Chloroplast genomes have been engineered to express foreign genes from bacterial, fungal, protozoan or human genomes for various biotechnology applications. It is quite astounding that a bacterial operon from Bacillus thuringiensis was expressed utilizing bacterial regulatory sequences and achieved the highest level of Bt protein reported (DeCosa et al., 2001) . Small human genes (insulin) are expressed at very high levels (up to 70% of leaf total protein (Boyhan and Daniell, 2011; Ruhlman et al., 2010) ). However, when large human genes are introduced into the chloroplast genome, there are poorly translated. Therefore, a new codon optimization program was developed based on codon usage of the most highly expressed psbA genes from 133 sequenced chloroplast genomes (Kwon et al., 2016) . The first iteration used a new codon optimizer algorithm that followed the codon usage hierarchy observed among sequenced psbA genes. Synonymous codons for each amino acid were ranked according to their frequency of use. Codon optimization of the human blood clotting factor FVIII-HC (2262 bp) modified 406 codons out of 754 amino acids. Native FVIII-HC used the CTC leucine codon 11 times but the codon-optimized HC eliminated all CTC codons. Likewise, another rare codon, TCA (serine), used 16 times in the native FVIII-HC coding sequence, was completely eliminated after codon optimization. Collectively, the codon-optimization algorithm eliminated 105 rare codons from the FVIII-HC native human gene, resulting in enhanced expression. Similar codon optimization of the CTB-FVIII-LC gene resulted in successful expression of the largest human blood protein (FVIII, 185 kDa monomer, with pentamer assembly) in chloroplasts (Kwon et al., 2018) , and this has now advanced to commercial production and clinical trials. Codon-optimized Ace2 is now tested in the clinic to treat COVID-19 patients (Daniell, 2020) .

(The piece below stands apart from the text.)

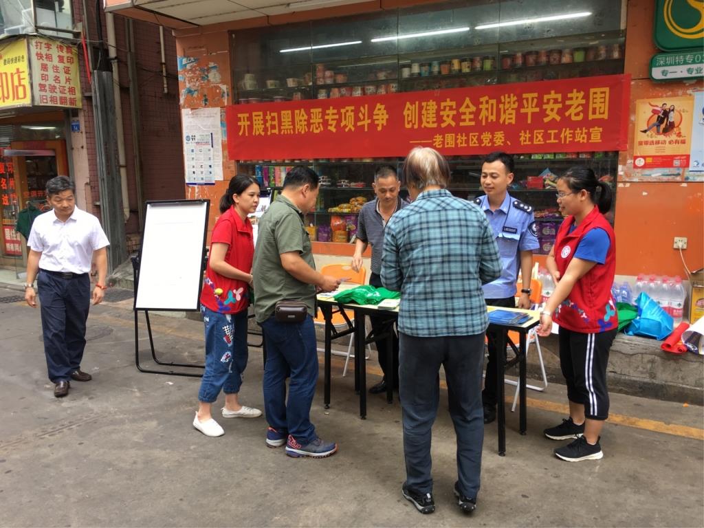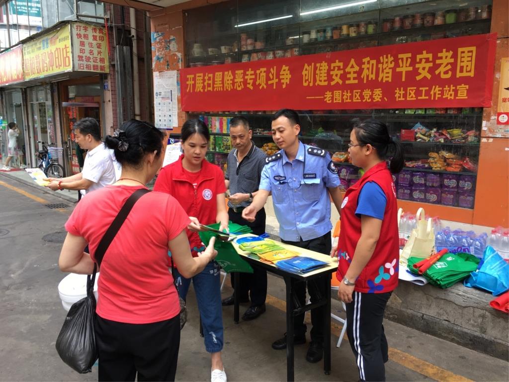 5月11日下午,老围社区为充分调动广大人民群众参与扫黑除恶专项斗争的积极性,进一步畅通举报渠道,方便群众举报涉黑涉恶线索,按照街道综治办要求,在各个小区张贴扫黑除恶举报电话公告,并同步开展宣传活动,现场发放宣传资料230余份,小礼品180余份。

The global enzyme market was valued at US $11 billion in 2018; it is used in the food/beverage (37%), cleaning (26%), bioenergy (15%) and animal feed (13%) industries. Rising demand in detergents, textile and wastewater treatment applications are propelling significant growth in the enzyme industry. Enzymes are now used as biofertilizers and soil enhancers to accelerate growth through enhancing beneficial microbes. Carbohydrase led the product segment, with 48% market share in 2018. Globally, the Asia Pacific region leads the industrial enzyme demand ($4.6 billion), followed by Europe ($2.68 billion) and the United States has the largest (38%) market share of industrial enzymes. Waxes and pectins decrease water absorption of native cotton fibres; contrary to common understanding, natural cotton fibre does not absorb water or dyes (Lin and Hsieh, 2001) . To enhance absorption of harsh chemicals, alkaline pH and other severe conditions have been used, but these are environmentally problematic in that they release toxic effluents. Therefore, pectinases are used for textile bioscouring to enhance water absorbency of cotton fibres, without causing cellulose destruction. Likewise, lipases are used in the detergent industry to remove oils or butter stains (Jaeger and Reetz, 1998) . However, performance of current commercial lipases is limited by minimal activities in alkaline pH or at higher temperature (detergents are alkaline and washing machines often use hot water).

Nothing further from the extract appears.